[Assignment]:
No picture belongs in the copy. Repeat each line below exactly.

[Supplied material]:
::::

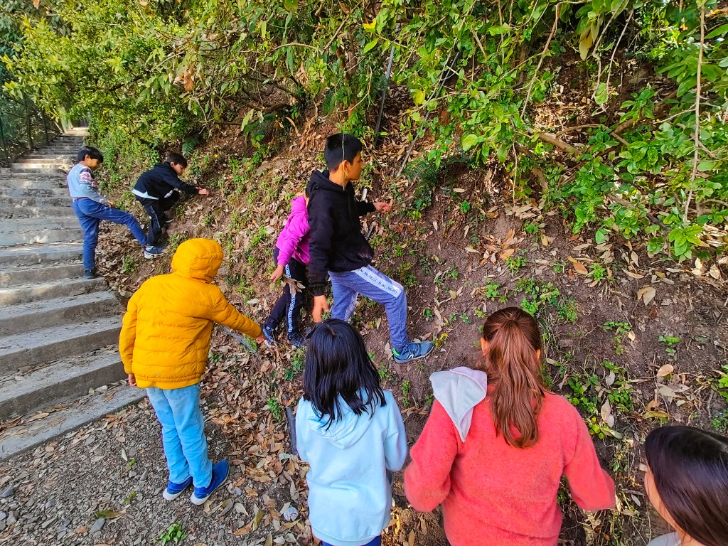 As we entered the trail, the students instantly started observing the effects of season change on the ecosystem. They started sharing their observations about the leaf fall, flowers which mostly bloom, weathering of soil and rocks and many more. While walking on the trail for a few steps, we came across this big Oak tree with an interesting hollow on its trunk. The tree caught our attention and looking at the appearance, I instantly called it a ‘Portal to another world’ , Portal in the trees and the children were very curious about its presence. They started asking various questions for eg. What if the portal actually existed? What would it be like on the other side of the trees etc. I felt somewhere it tickled their inquisitive minds and children had lots of fun discussing the tree.
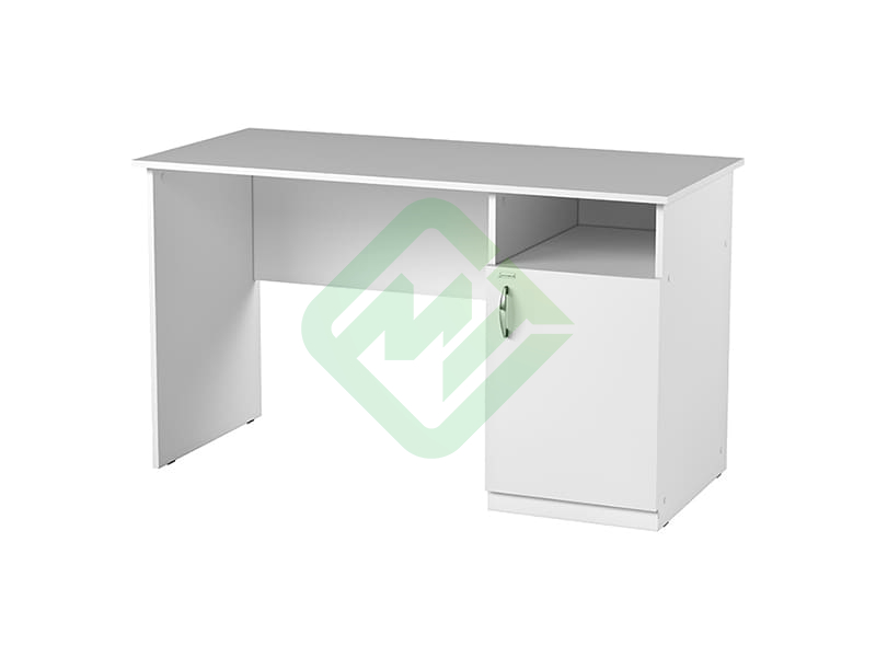 • Стол с тумбой изготовлен из ЛДСП 16 мм белого цвета с кромкой ПВХ 0,45 мм, фасад — с кромкой 2 мм
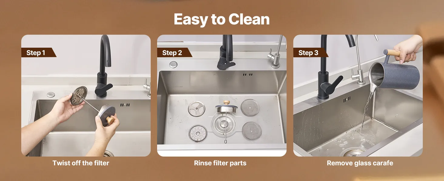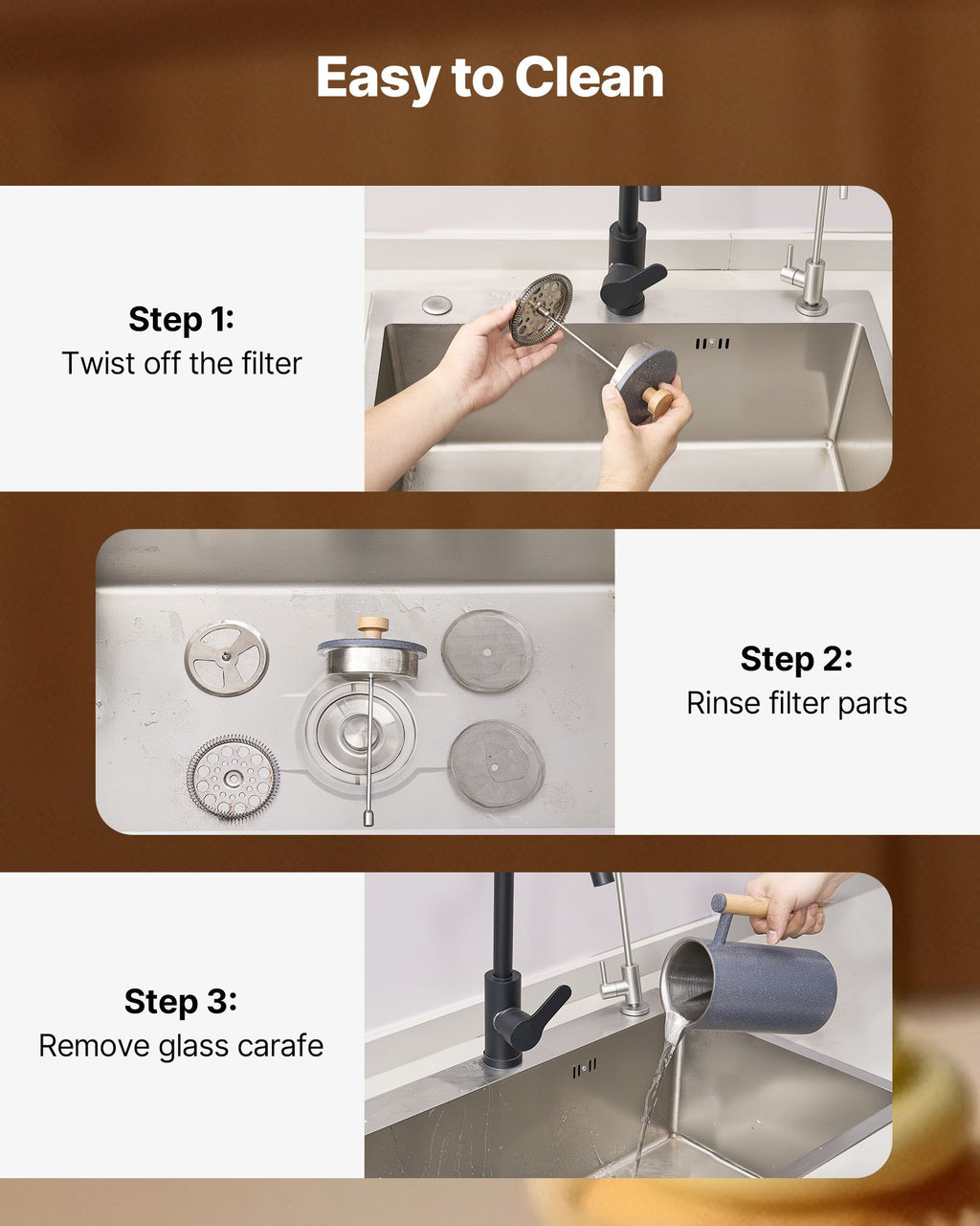 Viegla tīrīšana: franču kafijas prese ar gludu nerūsējošā tērauda virsmu, izņemamu filtru un spiedstieni nodrošina ērtu kopšanu. Visas detaļas viegli izjaucamas un piemērotas mazgāšanai trauku mazgājamajā mašīnā.

::::

[Written reply]:
 As we entered the trail, the students instantly started observing the effects of season change on the ecosystem. They started sharing their observations about the leaf fall, flowers which mostly bloom, weathering of soil and rocks and many more. While walking on the trail for a few steps, we came across this big Oak tree with an interesting hollow on its trunk. The tree caught our attention and looking at the appearance, I instantly called it a ‘Portal to another world’ , Portal in the trees and the children were very curious about its presence. They started asking various questions for eg. What if the portal actually existed? What would it be like on the other side of the trees etc. I felt somewhere it tickled their inquisitive minds and children had lots of fun discussing the tree.
 • Стол с тумбой изготовлен из ЛДСП 16 мм белого цвета с кромкой ПВХ 0,45 мм, фасад — с кромкой 2 мм
 Viegla tīrīšana: franču kafijas prese ar gludu nerūsējošā tērauda virsmu, izņemamu filtru un spiedstieni nodrošina ērtu kopšanu. Visas detaļas viegli izjaucamas un piemērotas mazgāšanai trauku mazgājamajā mašīnā.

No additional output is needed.